Gli avvocati dei residenti hanno presentato ai tribunali israeliani delle immagini aeree che, secondo loro, mostrano un insediamento continuo nei villaggi negli ultimi 45 anni, comprese le tracce dei veicoli che conducevano alle grotte.
Ma il Ministero della Difesa israeliano ha affermato che le immagini non dimostrano che i palestinesi stavano lì in modo permanente prima del 1980, e ha sostenuto che vivevano nell’area solo stagionalmente. Il tribunale è stato d’accordo.
“Nel corso degli anni, l’ordine di chiusura è stato violato dai Palestinesi, che hanno iniziato a costruire illegalmente nell’area”, ha detto l’esercito israeliano in risposta alle domande inviate dal New York Times. “Il tribunale ha stabilito che i firmatari hanno agito in malafede e hanno costruito illegalmente nell’area mentre era stato emesso un ordine provvisorio, e hanno respinto qualsiasi tentativo di compromesso offerto loro.”
Il Ministero della Difesa ha affermato che dichiarare l’area una zona di tiro è coerente con il diritto internazionale che regola l’occupazione militare.
Tuttavia, il coordinatore umanitario delle Nazioni Unite, Samer Abdel Jaber, ha affermato durante una visita a Masafer Yatta a maggio che “in quanto potenza occupante, la responsabilità delle autorità israeliane è di proteggere i civili palestinesi”.
“Ha aggiunto: “Costringere 13 comunità ad andarsene per fare spazio agli addestramenti militari è in contraddizione con questo imperativo, ed è semplicemente disumano e illegale”.
Il governo degli Stati Uniti sta osservando da vicino gli sviluppi a Masafer Yatta, secondo l’Ufficio degli Stati Uniti per gli Affari Palestinesi, e ha espresso al governo israeliano le sue preoccupazioni sulle espulsioni di Palestinesi e sulle demolizioni delle loro case.
Secondo gli Accordi di Oslo, l’accordo di pace degli anni ’90 che avrebbe dovuto aprire la strada alla creazione di uno Stato palestinese, due terzi della Cisgiordania sono sotto il controllo temporaneo di Israele.

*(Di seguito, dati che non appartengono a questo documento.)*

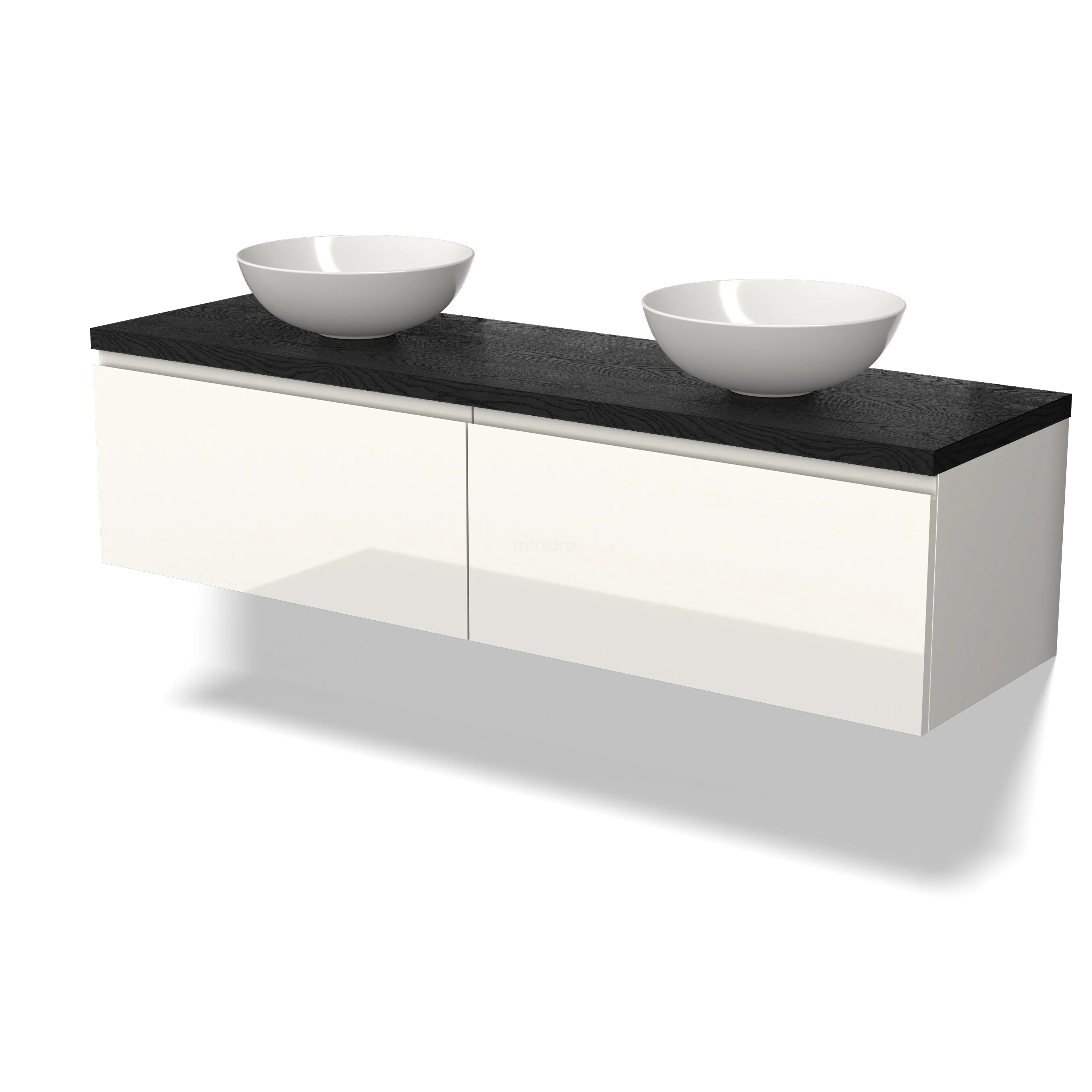 Modulo Plato Badmöbel mit Aufsatzwaschbecken | 160 cm Hochglanz Weiß Grifflos front Schwarze Eiche blatt 2 nebeneinanderliegende Schubladen
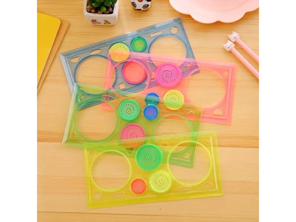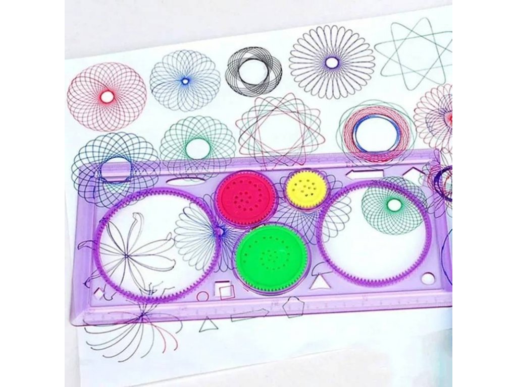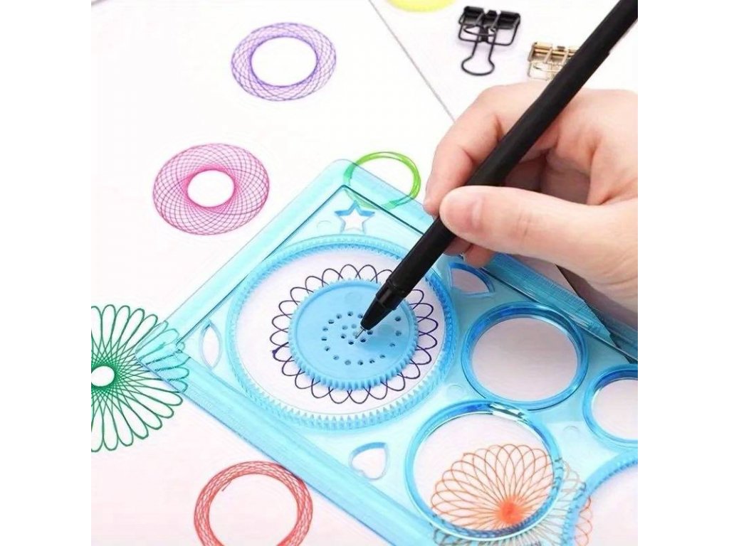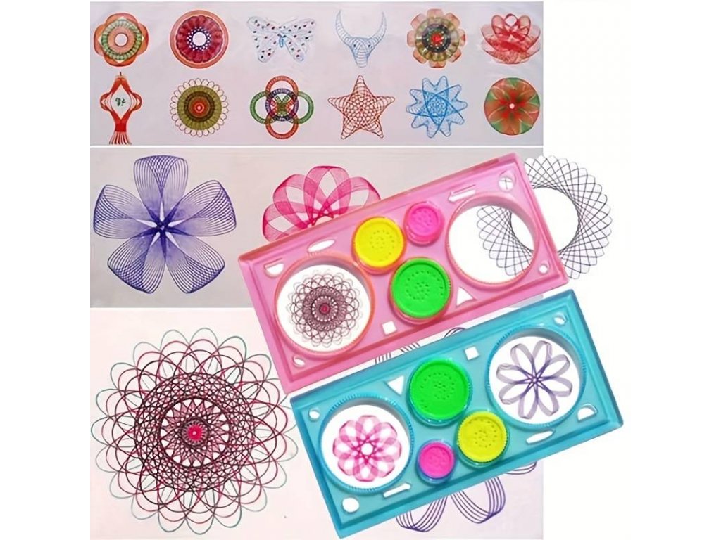 S pomocí šablon a ozubených kol se děti naučí rýsovat a tvořit nejrůznější vzor. Spirograph pro kreslení barevných spirál vás vrátí do dětství nebo vaše děti si s ním užijí neuvěřitelné hodiny zábavy při kreslení různých barevných spirál.
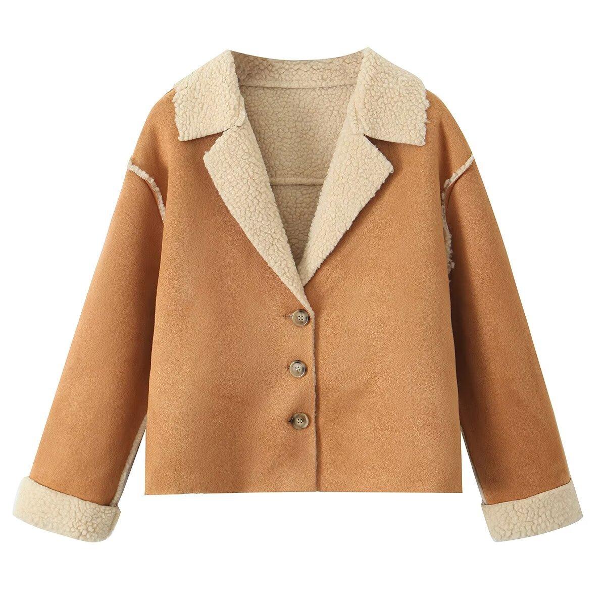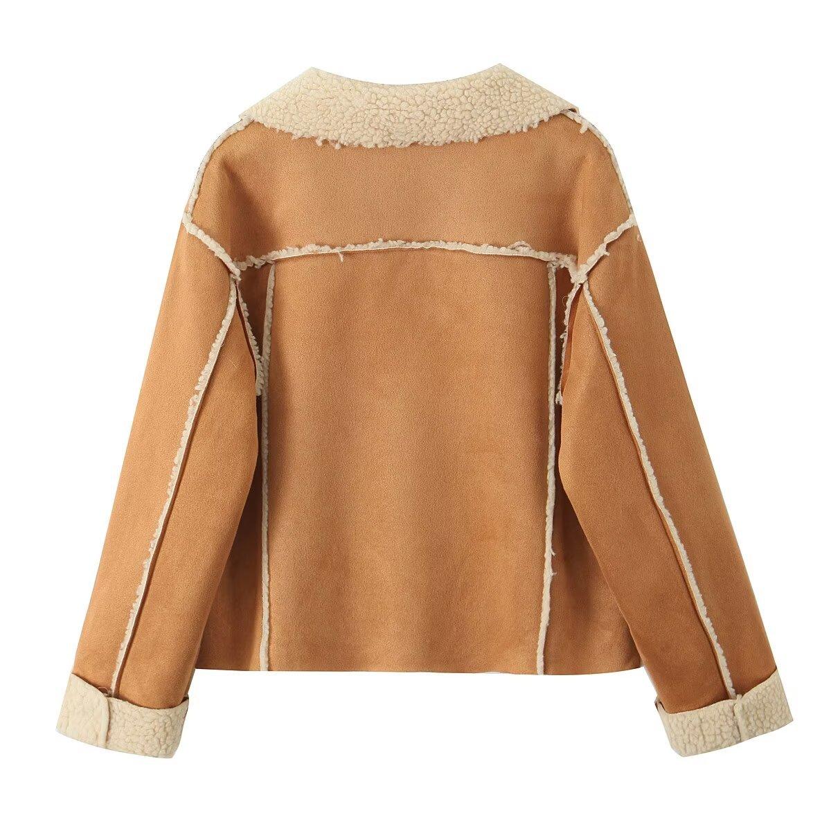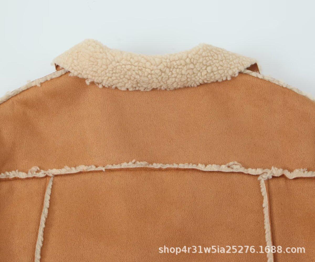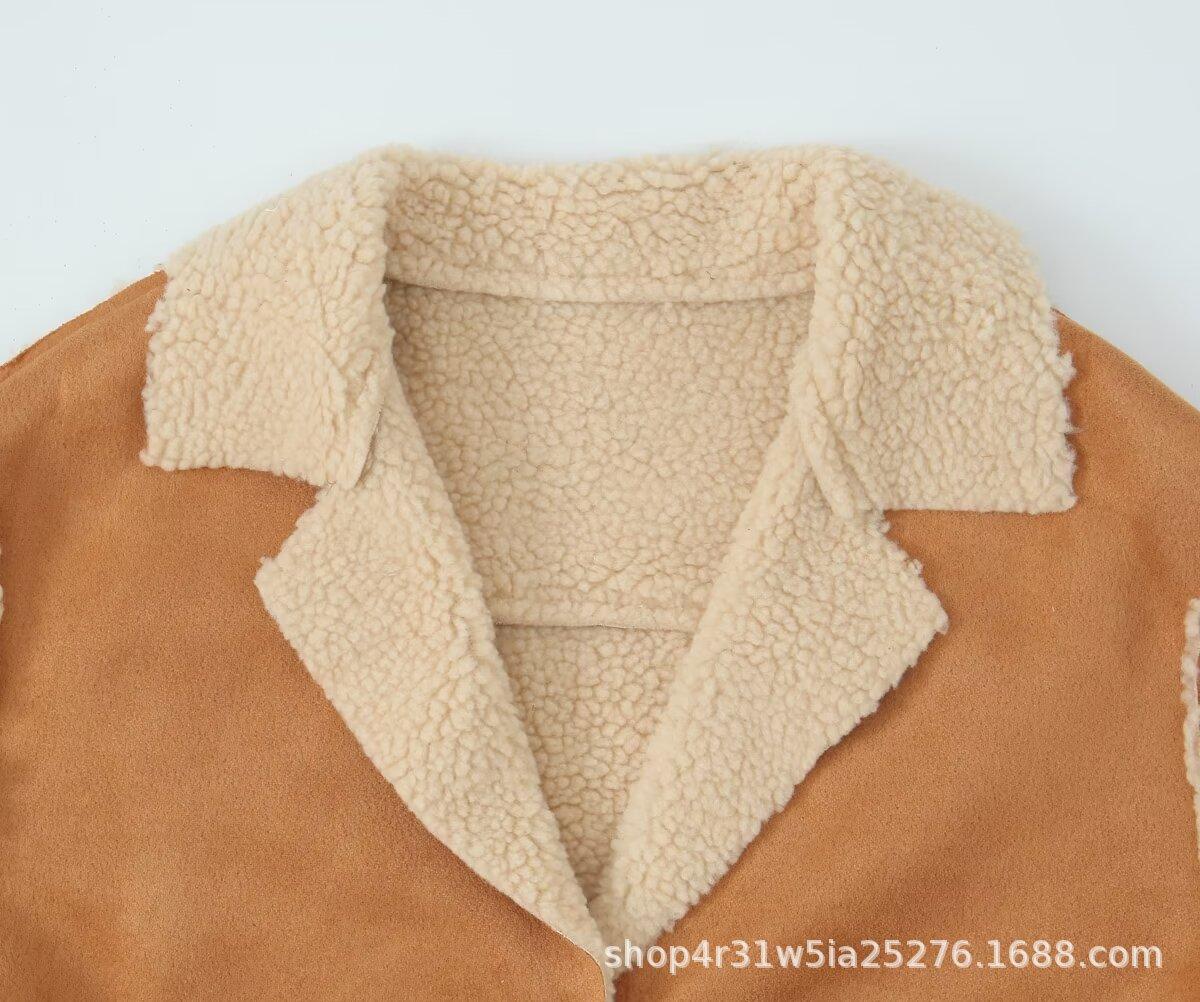 Venta al por mayor transfronteriza europea y americana 2025 Invierno Nueva moda Lana de cordero compuesta Solapa Manga larga Chaqueta de lana
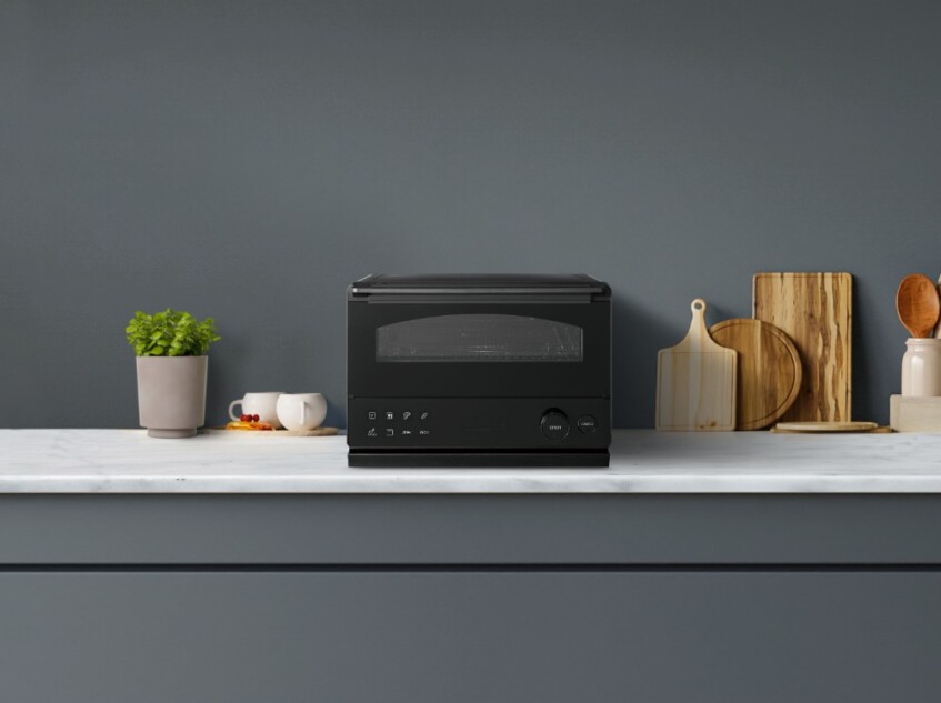 同製品は、庫内を3Dドーム構造とし、アルミ鏡面仕上げによって熱を効率的に反射することで、食材にムラなく熱を伝える設計となっている。0.2秒で発熱するグラファイト式ハイスペックヒーターを上下に搭載し、高温で一気に焼き上げることで、約60秒でトースト1枚を焼き上げる。
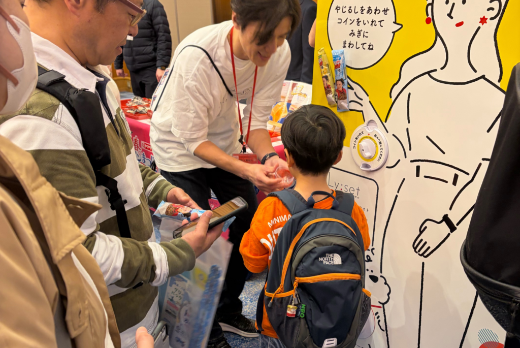 特に人気だったのはLy:setオリジナルのガチャガチャ。子どもたちが目を輝かせてコインを入れる様子がとても微笑ましく、子育て世代に嬉しいプレゼントがたくさん当たりました。ガチャガチャをきっかけに、隣に設置した「スムーズフリー・生酵素PREMIUM111」のサンプルにも自然と目を向けていただけました。

Israele avrebbe dovuto ritirarsi gradualmente dalla maggior parte di quell’area e trasferire il controllo ai Palestinesi.
Invece Israele ha mantenuto la sua occupazione militare e ha permesso, nell’area che controlla, la costruzione e l’espansione degli insediamenti, illegali secondo il diritto internazionale, spingendo fuori i palestinesi. I palestinesi affermano che questo rappresenta un’annessione strisciante della Cisgiordania.
“Questo è un chiaro piano per sloggiare persone dalla zona”, ha detto Jaber Ali Dababseh, in piedi sulle fondamenta di cemento su cui ha costruito e ricostruito la sua casa cinque volte nel villaggio di Khalet al-Dabe a Masafer Yatta. “Ma non ci lasceremo intimidire”.
Intorno alla sua casa c’era un piccolo frutteto di mandorli, albicocchi e ulivi. Jaber Dababseh, che vive facendo il piastrellista e ha cinque figli, ha detto che la sua famiglia ha documenti dell’epoca ottomana che dimostrano la sua proprietà della terra.
A luglio, l’esercito israeliano ha effettuato un addestramento militare con fuoco vivo ed esplosioni nella valle sottostante il frutteto di Dababseh.
Secondo B’Tselem, un gruppo israeliano per i diritti umani, durante le esercitazioni un grosso proiettile di una mitragliatrice pesante ha colpito il tetto di una casa mentre la famiglia era all’interno. L’associazione israeliana, che conduce la battaglia legale, ha chiesto al tribunale un’ingiunzione d’emergenza per fermare l’addestramento. La richiesta è stata respinta.
Gli avvocati dicono che, esaurite tutte le vie legali, sperano che le pressioni diplomatiche possano essere d’aiuto.
Ora i residenti del villaggio, anche se continuano a preparare le grotte per le loro abitazioni, tengono d’occhio le strade per vedere se si avvicinano i bulldozer.
“Se non facciamo le grotte, dove andremo a vivere?” ha detto Dababseh. “Una casa la possono demolire e una tenda la possono confiscare. Questi figli di puttana ci hanno riportato alle condizioni di vita dei nostri antenati”.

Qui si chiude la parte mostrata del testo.